Had a little disagreement with a gentleman this evening on facebook(lol I know) over the legality of releasing Barr hogs. Now to my knowledge, and this knowledge was give to me by somebody who would know as they work for one of the 2 governing bodies in Texas in regards to feral hogs. TPWD states the Transportation AND subsequent release of feral swine is illegal unless in compliance with TAHC code.
    TAHC code states their regulations only apply to feral swine that are to be transported from the premise in with they were trapped or captured.
    My original statement I made to the guy was if they are released on the same property they were caught, to my knowledge, that’s not illegal. I tried and tried and cannot find any legal literature with any mention of castrated wild hogs(outside of boats and barrows being legal to stock approved game fences, where sows are not) or the capture and release of a hog on the same property.
   
    Given the known history and roots of what we know as hog dogging today, being the necessity of finding, gathering, marking, and castrating free ranging woods hogs.
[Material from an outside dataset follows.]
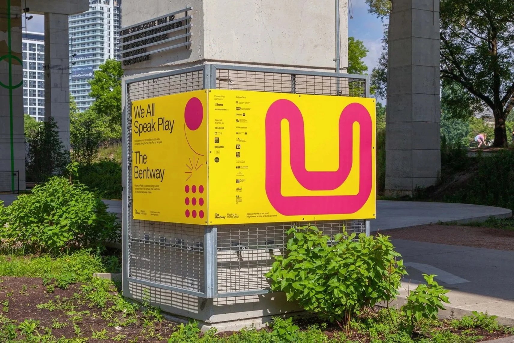 The Bentway is a growing events and shared public space hidden under the Gardiner Expressway in Toronto. In 2021, they approached the design team at Cossette to develop an identity for their summer-long art exhibition, Playing in Public, which looked at how space shapes play, how a city can change play, and how play changes our city.

To me it would be easy to see why there wouldn’t be any laws regarding the matter.

  I post all this to pose the question, is anybody aware of any legislation that deems the release of wild hogs on the same property in which they were captured illegal? For instance if farmer brown set a trap, caught some hogs, and ended up getting real busy and didn’t have time to jack with the hogs, so he just opens the gate and let’s em go. Is this illegal?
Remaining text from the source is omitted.